Instructions for the task: Set down, word for word, every line of the material below from the one containing "Uomo non identificato" through the one containing "Рис. 2.2.1. Відсотковий", but none of its pictures.

Raw data:
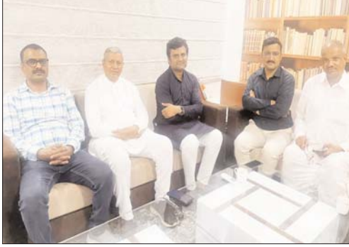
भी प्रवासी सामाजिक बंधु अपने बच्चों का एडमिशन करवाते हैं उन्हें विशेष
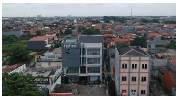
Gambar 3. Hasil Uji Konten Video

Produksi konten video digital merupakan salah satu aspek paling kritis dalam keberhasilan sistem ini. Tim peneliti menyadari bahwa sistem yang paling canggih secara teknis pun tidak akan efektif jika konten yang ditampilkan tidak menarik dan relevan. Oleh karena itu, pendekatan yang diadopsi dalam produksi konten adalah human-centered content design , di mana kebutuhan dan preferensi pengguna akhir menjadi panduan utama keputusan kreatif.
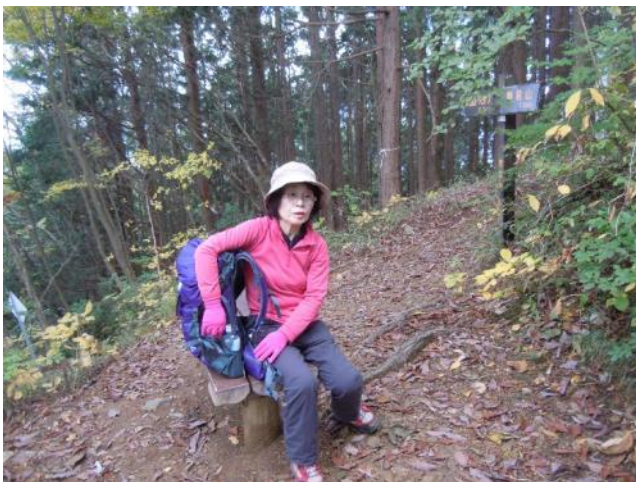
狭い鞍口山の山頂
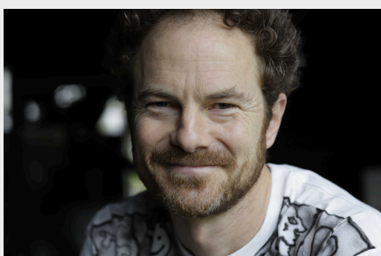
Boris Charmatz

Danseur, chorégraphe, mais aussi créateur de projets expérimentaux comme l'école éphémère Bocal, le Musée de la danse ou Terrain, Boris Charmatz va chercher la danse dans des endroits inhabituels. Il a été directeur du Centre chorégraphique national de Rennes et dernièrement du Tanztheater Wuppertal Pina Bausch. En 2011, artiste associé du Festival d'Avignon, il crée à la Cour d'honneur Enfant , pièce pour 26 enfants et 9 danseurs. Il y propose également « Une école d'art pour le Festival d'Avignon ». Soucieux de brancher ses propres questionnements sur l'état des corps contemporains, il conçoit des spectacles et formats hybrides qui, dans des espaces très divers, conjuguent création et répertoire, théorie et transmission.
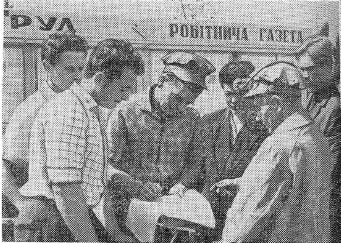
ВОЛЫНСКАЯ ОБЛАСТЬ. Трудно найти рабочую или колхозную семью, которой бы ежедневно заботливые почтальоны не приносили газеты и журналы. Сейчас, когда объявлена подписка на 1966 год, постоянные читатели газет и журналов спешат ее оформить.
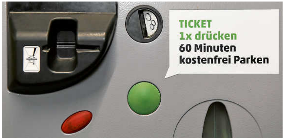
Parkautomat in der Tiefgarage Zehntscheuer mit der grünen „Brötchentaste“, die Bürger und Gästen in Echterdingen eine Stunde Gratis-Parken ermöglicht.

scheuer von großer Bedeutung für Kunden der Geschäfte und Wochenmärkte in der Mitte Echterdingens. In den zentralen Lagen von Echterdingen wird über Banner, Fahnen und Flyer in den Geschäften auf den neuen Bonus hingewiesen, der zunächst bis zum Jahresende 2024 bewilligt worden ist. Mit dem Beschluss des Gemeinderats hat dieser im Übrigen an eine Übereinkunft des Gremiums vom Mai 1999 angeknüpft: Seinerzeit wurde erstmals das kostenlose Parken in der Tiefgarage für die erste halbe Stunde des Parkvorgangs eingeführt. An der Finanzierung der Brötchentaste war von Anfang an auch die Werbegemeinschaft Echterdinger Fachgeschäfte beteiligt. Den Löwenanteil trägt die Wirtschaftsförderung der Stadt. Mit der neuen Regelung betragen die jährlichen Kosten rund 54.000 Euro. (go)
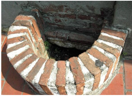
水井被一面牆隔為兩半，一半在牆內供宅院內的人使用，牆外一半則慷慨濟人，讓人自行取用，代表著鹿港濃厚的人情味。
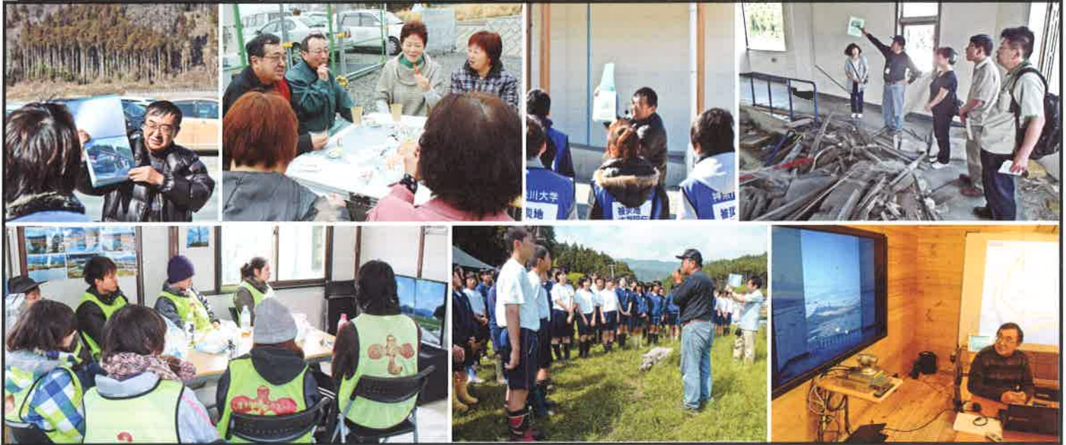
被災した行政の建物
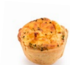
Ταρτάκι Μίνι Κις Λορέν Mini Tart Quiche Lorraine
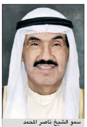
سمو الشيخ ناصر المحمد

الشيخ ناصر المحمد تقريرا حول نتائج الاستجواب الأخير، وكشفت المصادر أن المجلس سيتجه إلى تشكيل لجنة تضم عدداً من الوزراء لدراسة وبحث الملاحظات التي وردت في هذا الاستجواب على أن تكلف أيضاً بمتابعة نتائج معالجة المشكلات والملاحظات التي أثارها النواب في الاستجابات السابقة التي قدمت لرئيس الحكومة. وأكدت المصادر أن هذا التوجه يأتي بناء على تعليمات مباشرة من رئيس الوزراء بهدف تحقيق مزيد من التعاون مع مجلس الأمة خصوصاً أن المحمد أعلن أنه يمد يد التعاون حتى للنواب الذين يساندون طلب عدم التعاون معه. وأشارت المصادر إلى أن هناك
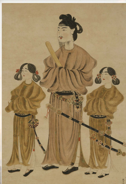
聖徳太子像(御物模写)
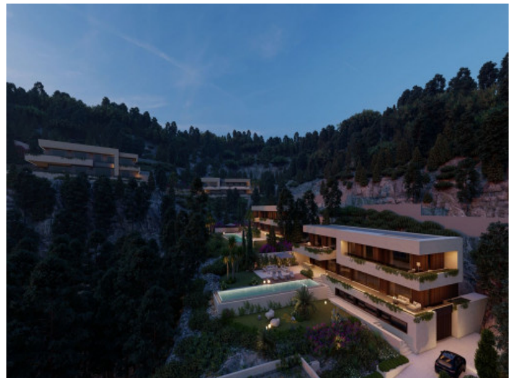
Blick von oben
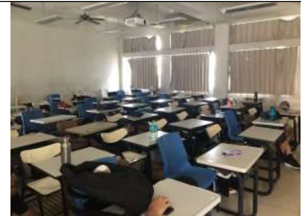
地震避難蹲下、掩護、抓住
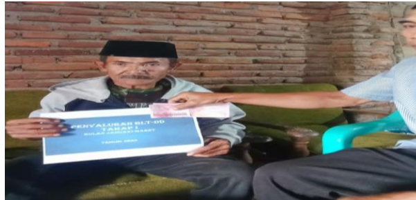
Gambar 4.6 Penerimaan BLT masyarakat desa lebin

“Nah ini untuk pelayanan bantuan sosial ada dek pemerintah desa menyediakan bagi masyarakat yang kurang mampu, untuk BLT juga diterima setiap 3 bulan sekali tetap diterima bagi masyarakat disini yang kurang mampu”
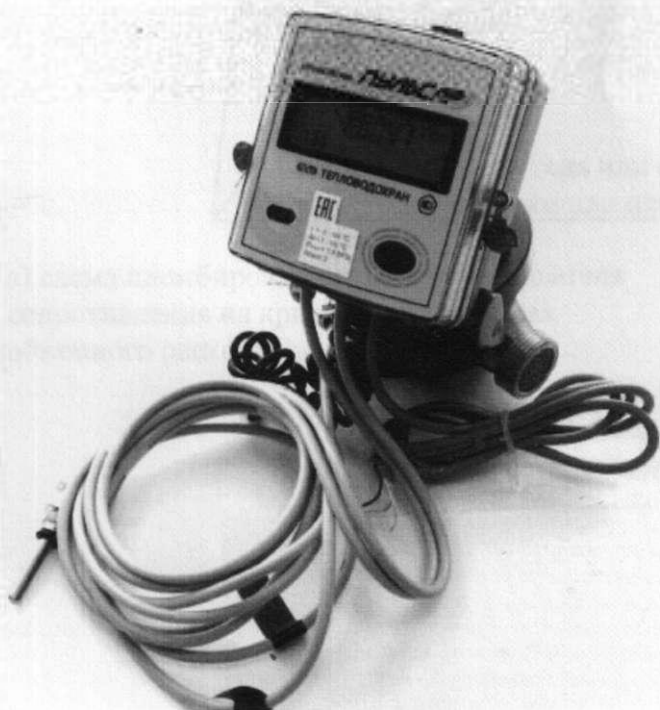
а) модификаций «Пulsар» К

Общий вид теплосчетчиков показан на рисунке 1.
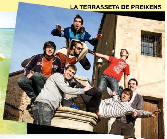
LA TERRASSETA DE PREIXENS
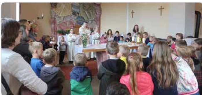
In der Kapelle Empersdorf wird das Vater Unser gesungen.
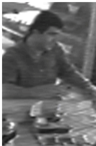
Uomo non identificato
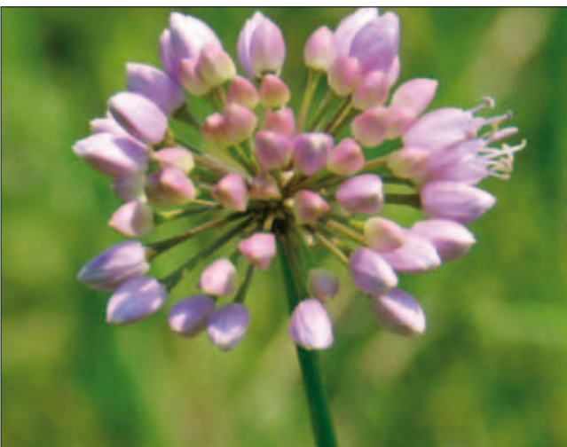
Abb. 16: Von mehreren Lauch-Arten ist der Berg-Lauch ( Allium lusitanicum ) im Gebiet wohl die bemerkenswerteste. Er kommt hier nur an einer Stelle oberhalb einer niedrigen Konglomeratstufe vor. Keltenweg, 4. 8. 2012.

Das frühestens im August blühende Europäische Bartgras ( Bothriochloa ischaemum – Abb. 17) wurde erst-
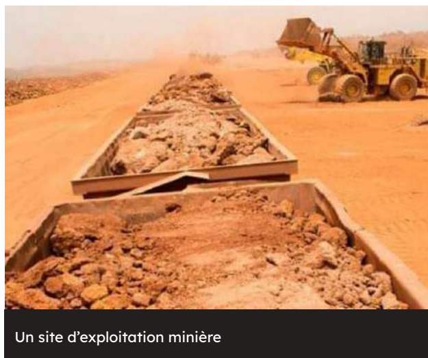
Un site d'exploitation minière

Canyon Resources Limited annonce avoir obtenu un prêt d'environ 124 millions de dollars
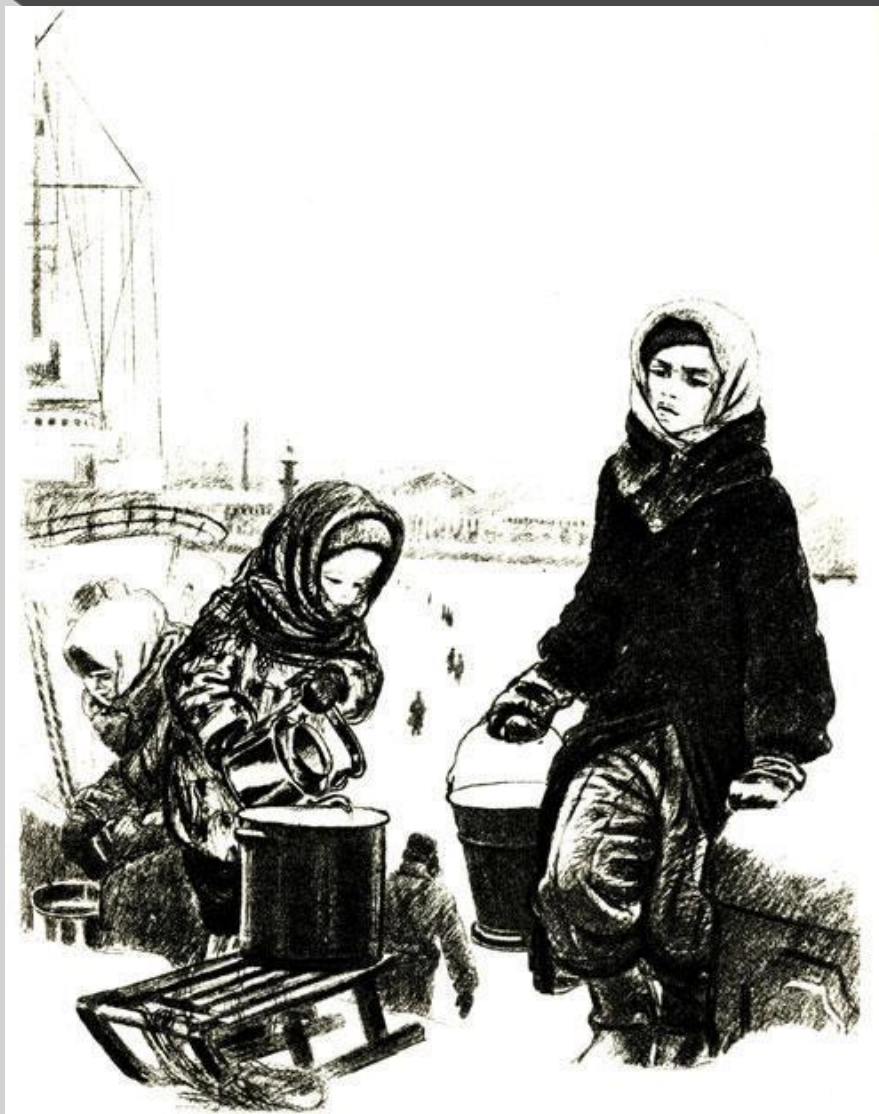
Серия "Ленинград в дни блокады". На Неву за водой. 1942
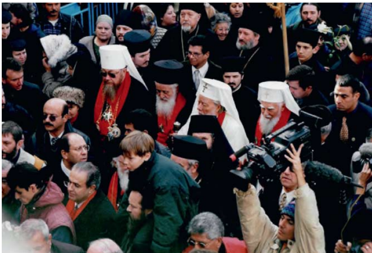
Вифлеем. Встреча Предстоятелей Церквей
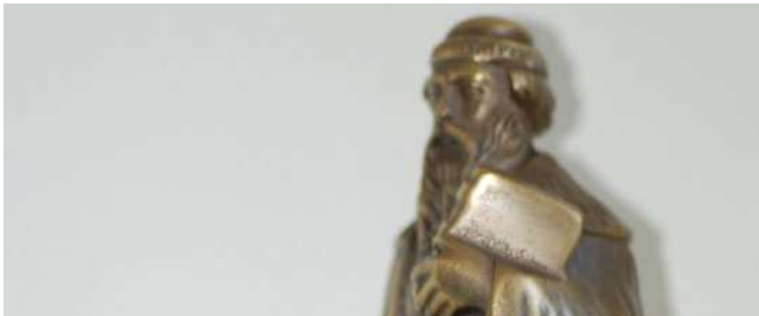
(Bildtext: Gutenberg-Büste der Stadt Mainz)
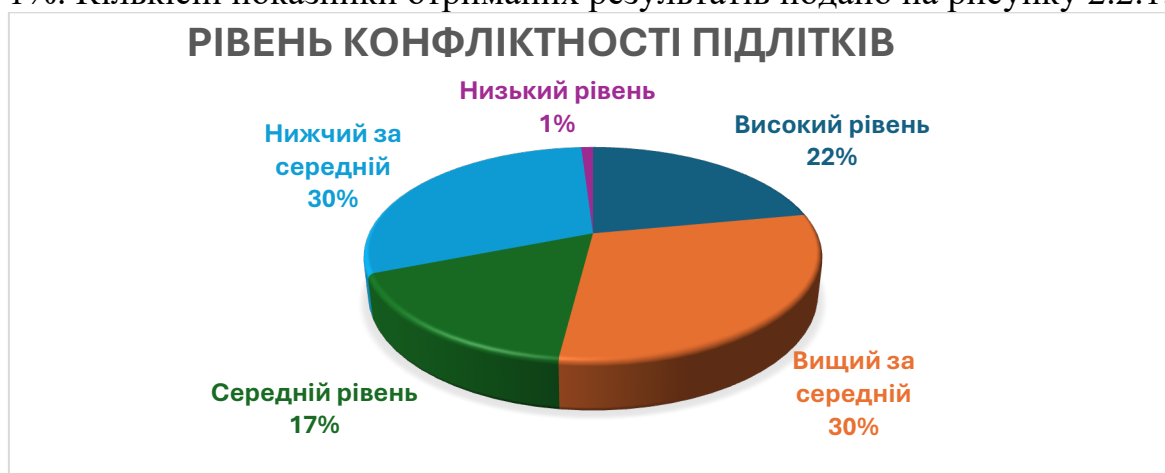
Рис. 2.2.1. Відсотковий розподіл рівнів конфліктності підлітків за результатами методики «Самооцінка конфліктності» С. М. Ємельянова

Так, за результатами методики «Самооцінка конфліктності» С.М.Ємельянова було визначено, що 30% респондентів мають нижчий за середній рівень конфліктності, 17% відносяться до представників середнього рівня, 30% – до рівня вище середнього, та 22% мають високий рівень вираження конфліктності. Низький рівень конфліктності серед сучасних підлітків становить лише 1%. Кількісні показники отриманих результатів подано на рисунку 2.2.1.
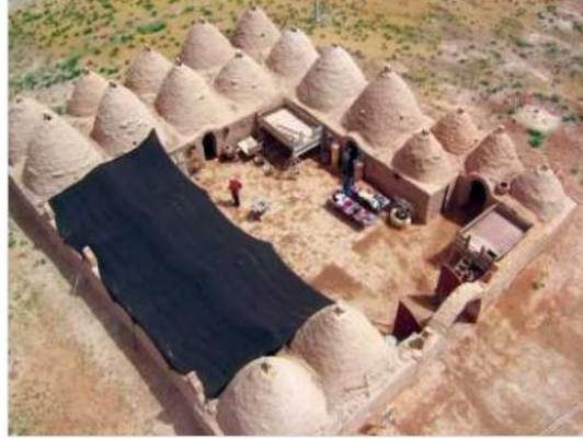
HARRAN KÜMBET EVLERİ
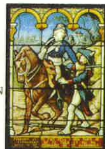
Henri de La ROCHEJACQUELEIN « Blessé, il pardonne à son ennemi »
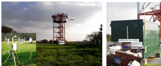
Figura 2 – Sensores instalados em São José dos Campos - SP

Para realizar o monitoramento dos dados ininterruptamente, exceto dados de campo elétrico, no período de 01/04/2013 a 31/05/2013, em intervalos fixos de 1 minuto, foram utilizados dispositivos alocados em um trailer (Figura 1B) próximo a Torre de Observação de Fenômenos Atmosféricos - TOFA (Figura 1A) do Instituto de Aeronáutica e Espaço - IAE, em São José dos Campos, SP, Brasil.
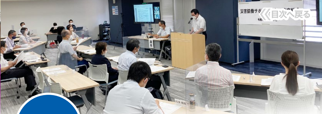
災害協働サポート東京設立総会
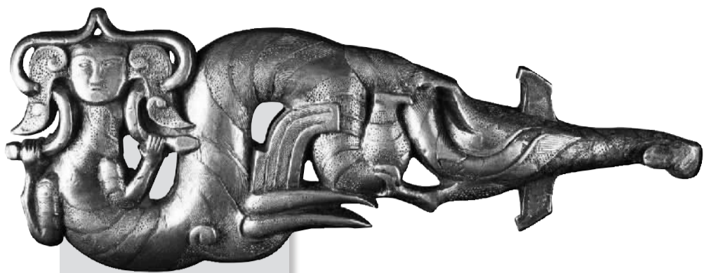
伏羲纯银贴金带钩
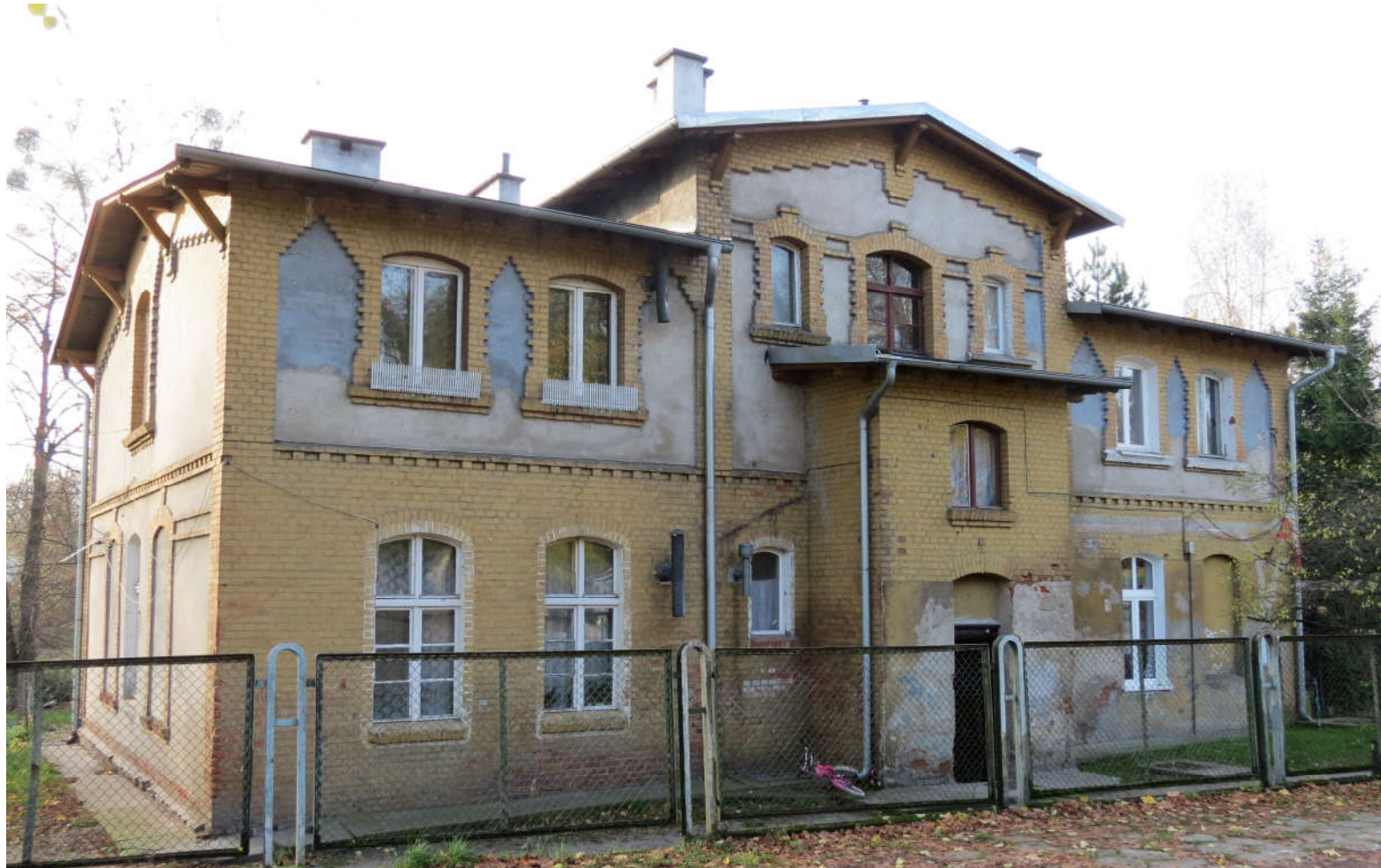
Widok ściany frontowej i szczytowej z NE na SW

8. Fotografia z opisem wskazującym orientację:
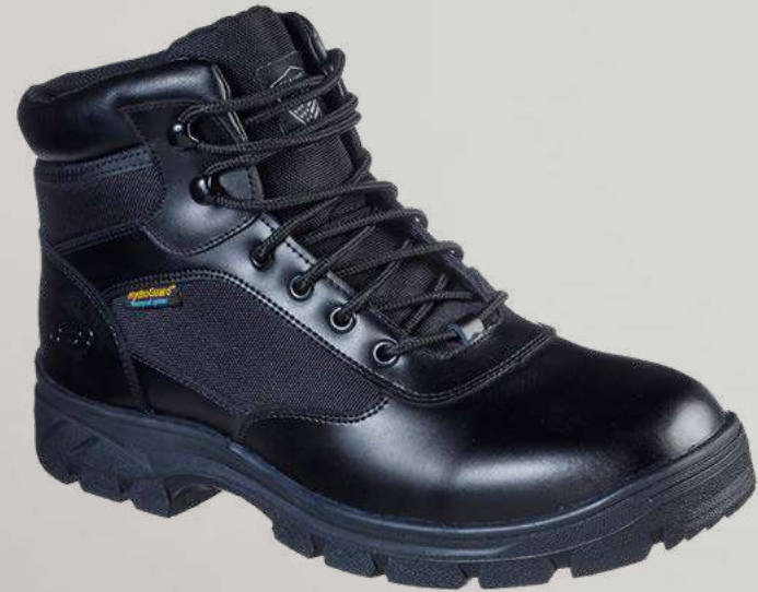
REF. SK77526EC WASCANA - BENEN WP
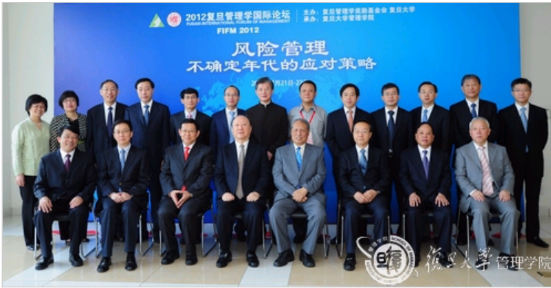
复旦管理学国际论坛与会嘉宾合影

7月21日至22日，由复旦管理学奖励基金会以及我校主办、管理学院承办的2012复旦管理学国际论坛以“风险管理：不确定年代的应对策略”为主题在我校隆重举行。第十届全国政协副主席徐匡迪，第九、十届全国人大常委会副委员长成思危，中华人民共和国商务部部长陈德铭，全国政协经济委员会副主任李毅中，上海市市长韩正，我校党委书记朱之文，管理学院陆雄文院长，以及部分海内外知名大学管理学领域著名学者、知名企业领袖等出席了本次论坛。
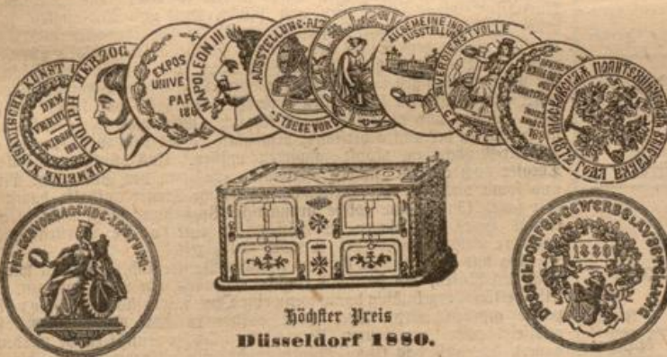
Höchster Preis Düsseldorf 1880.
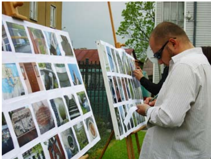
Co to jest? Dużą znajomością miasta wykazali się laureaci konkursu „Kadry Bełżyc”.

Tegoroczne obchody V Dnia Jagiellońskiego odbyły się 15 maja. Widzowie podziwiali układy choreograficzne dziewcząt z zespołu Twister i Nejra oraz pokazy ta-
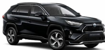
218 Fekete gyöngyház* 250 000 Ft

Response to this exercise:
Uomo non identificato
Abb. 16: Von mehreren Lauch-Arten ist der Berg-Lauch ( Allium lusitanicum ) im Gebiet wohl die bemerkenswerteste. Er kommt hier nur an einer Stelle oberhalb einer niedrigen Konglomeratstufe vor. Keltenweg, 4. 8. 2012.

Das frühestens im August blühende Europäische Bartgras ( Bothriochloa ischaemum – Abb. 17) wurde erst-
Un site d'exploitation minière

Canyon Resources Limited annonce avoir obtenu un prêt d'environ 124 millions de dollars
Серия "Ленинград в дни блокады". На Неву за водой. 1942
Вифлеем. Встреча Предстоятелей Церквей
(Bildtext: Gutenberg-Büste der Stadt Mainz)
Рис. 2.2.1. Відсотковий розподіл рівнів конфліктності підлітків за результатами методики «Самооцінка конфліктності» С. М. Ємельянова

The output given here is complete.